Many cathepsin L sub-family propeptides act in trans to inhibit related proteases (10). However, selectivity has been observed, and it has been demonstrated that the prodomains of cathepsin L and cathepsin K are unable to inhibit cathepsin B (25–27). Explanations for this observation include the following. First, cathepsin B lacks the ERFNIN motif, so that the protease lacks most of the α2 helix found in cathepsin L sub-family proteases. Second, cathepsin B contains a large occluding loop insertion, conferring dipeptidase activity, but preventing propeptides containing the ERFNIN motif from binding due to a steric clash between the occluding loop and the prodomain residues connecting α1 and α2 (Fig. 7b). Interestingly, selectivity for prodomain inhibition was broader for falcipain-2, as the prodomain of falcipain-2 markedly inhibited cathepsin B (Fig. 3). Our homology model adds insight to this observation.
In the model, the interaction of the helices equivalent to cathepsin L helices α1 and α2 is shifted (Fig. 7a). This shift is mediated by the presence of an additional aromatic residue in falcipain-2, Phe186. This residue is part of the hydrophobic core of aromatic residues that contributes to the helix interaction in cathepsin L and cathepsin K, normally mediated by two Trp residues on α1 and the Phe residue in the ERFNIN motif on α2. In falcipain-2, Phe186 provides additional stability, allowing α1 to shift across α2 and eliminating the steric overlap between the prodomain residues and the cathepsin B occluding loop. In procathepsin L and procathepsin K, which do not inhibit cathepsin B, Phe186 is replaced by Arg38 (procathepsin L) and Arg41 (procathepsin K); arginine is a basic residue that interacts less favorably with the other hydrophobic residues. (Fig. 7b).

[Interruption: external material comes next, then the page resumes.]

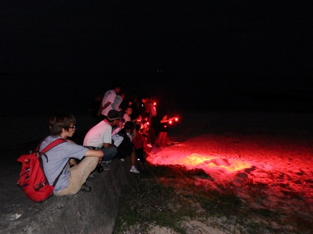 ウミガメの観察を行う際には、光に敏感なカメに刺激を与えないよう赤いライトを用いることなど、ウミガメ観察の際の注意点やマナーなどもみんなで勉強しました。

A recent study indicated that a synthetic fifteen residue peptide (Leu155-Ile169) from a region of the falcipain-2 prodomain immediately upstream of conserved Phe residues (Phe165 and Phe168) inhibited falcipain-2 (28). The authors proposed that this segment plays an important role in inhibition of falcipain-2. However, inhibition by the peptide was at much lower (10,000 times less) potency than inhibition by our prodomain constructs, which acted at sub-nanomolar concentrations. In our model, the Leu155-Ile169 residues form the α1-helix. As noted, these residues represent an insertion relative to cathepsin L and cathepsin K. The α1 helix does not appear to actively inhibit falcipain-2, but rather appears to provide structural stability through an interaction with the α2 helix. It is thus likely that the full prodomain inhibits falcipain-2 differently from the small peptide studied recently (28), as for this peptide to come within the proximity of the falcipain-2 active site would require replacement of the α3 helix and a novel fold relative to other papain-family proteases.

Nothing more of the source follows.